Comparing two proteins

Any two proteins can be compared using a utility within MOPAC. The general form of the data set that allows two proteins to be compared consists of two or three lines: keywords, title, and if wanted a comment line. A minimum set of keywords would consist of GEO_DAT, GEO_REF, and COMPARE. A useful keyword to add is OUTPUT; this reduces the size of the results, and allows the important material to be found more easily. The results of a comparison consist of a standard output file that gives a detailed description of the relationship between the two proteins, their similarities and their differences, a HTML web-page, a PDB file for each of the two proteins, and other less-important files. Individual differences can be easily seen by opening the JSmol HTML web-page and using the options provided.

Some differences in the two systems can be tolerated, for example one system might have residues missing that are present in the other system, or it might have a different ligand non-covalently bonded to a site. Provided the atoms common to both systems have the same PDB name (atom numbers are ignored), they will be included in the comparison.

Several types of comparison can be done, among these are:

Comparing two steps in a reaction mechanism or two different optimizations

Systems of this type are easy to compare, they have the same atoms, charge, and PDB atom labels. An example of such a data-set is:

 compare output noreor ++ 
  geo_dat="../All - new gradients, no PRECISE/23H 30-3.arc" ++
  geo_ref="../All - new gradients, PRECISE/23H 30-3.arc" 
 Comparison of the effect of using keyword "PRECISE" and not using it.

Keyword "NOREOR" is useful here; it prevents the small changes in orientation that are normally made when systems are compared. For neatness, the data-set uses the "++" option to split the keyword line into several lines, in this case three lines.

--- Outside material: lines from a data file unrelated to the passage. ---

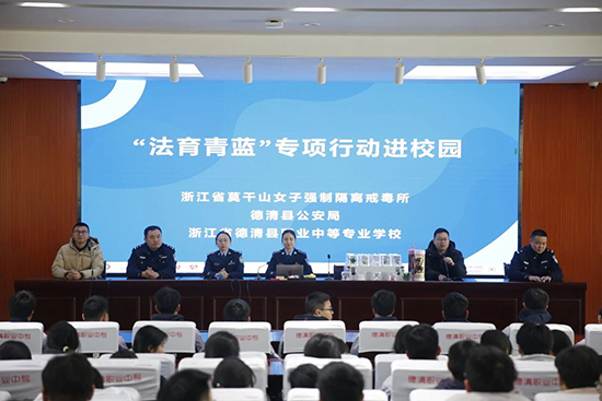 1月8日下午,由省莫干山女子強制隔離戒毒所與縣公安局聯合主辦的“法育青藍”專項行動走進德清職業中專,為在校學生帶來了一場生動的禁毒教育講座。活動旨在筑牢青少年毒品預防教育防線,為青春成長護航。來自財會、機電、服裝、烹飪等7個專業的200余名學生現場參與學習。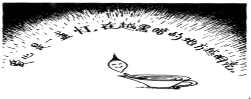 下面的圖畫注解了愛的真正含義,它強調了愛心是情感的力量,不論我們周圍的世界多麼黑暗,愛心都能支撐我們。事實上,歷史上處於不同文化中的人們都把愛當作人類最高尚的情感。
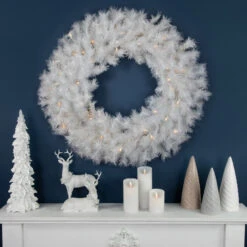 Pre-Lit White Alaskan Pine Artificial Christmas Wreath, 36-Inch, Warm White LED Lights

Comparing two raw PDB files

Comparison of two closely-related structures can be illustrated using the small protein Crambin, for which two high-resolution PDB entries exist: 1EJG and 1CBN. These can be downloaded from the Protein Data Bank; they have the default names 1EJG.pdb and 1CBN.pdb. Make up a data set, "Compare 1EJG and 1CBN.mop", that contains the two lines:

GEO_DAT="1EJG.pdb" GEO_REF="1CBN.pdb" COMPARE OUTPUT
Comparison of two PDB structures for Crambin

If this job is run, the two proteins will be compared.

Comparing two hydrogenated PDB files

When two or more PDB entries represent the same system, there is a natural strong desire to compare the various structures. A good example is provided by the small protein Crambin, for which two high-resolution PDB entries exist: 1EJG and 1CBN. After hydrogenation and optimization of the hydrogen atom positions, the two resulting ARC files can be compared using the following data-set:

 geo_dat="Crambin (1EJG).arc" ++
 geo_ref="Crambin (1CBN).arc" ++
 compare output
 Compare the hydrogenated PDB files for two models of Crambin

Examination of 1EJG and 1CBN reveals that 1CBN has a hetero-group, C₂O, this moiety is missing in 1EJG. From the PDB remarks this entity is identified as ethanol, and indeed when 1CBN is hydrogenated (ADD-H) six hydrogen atoms are added to it to form ethanol. Because of this, although the heats of formation are present in the ARC files they should be ignored in the results of the COMPARE job.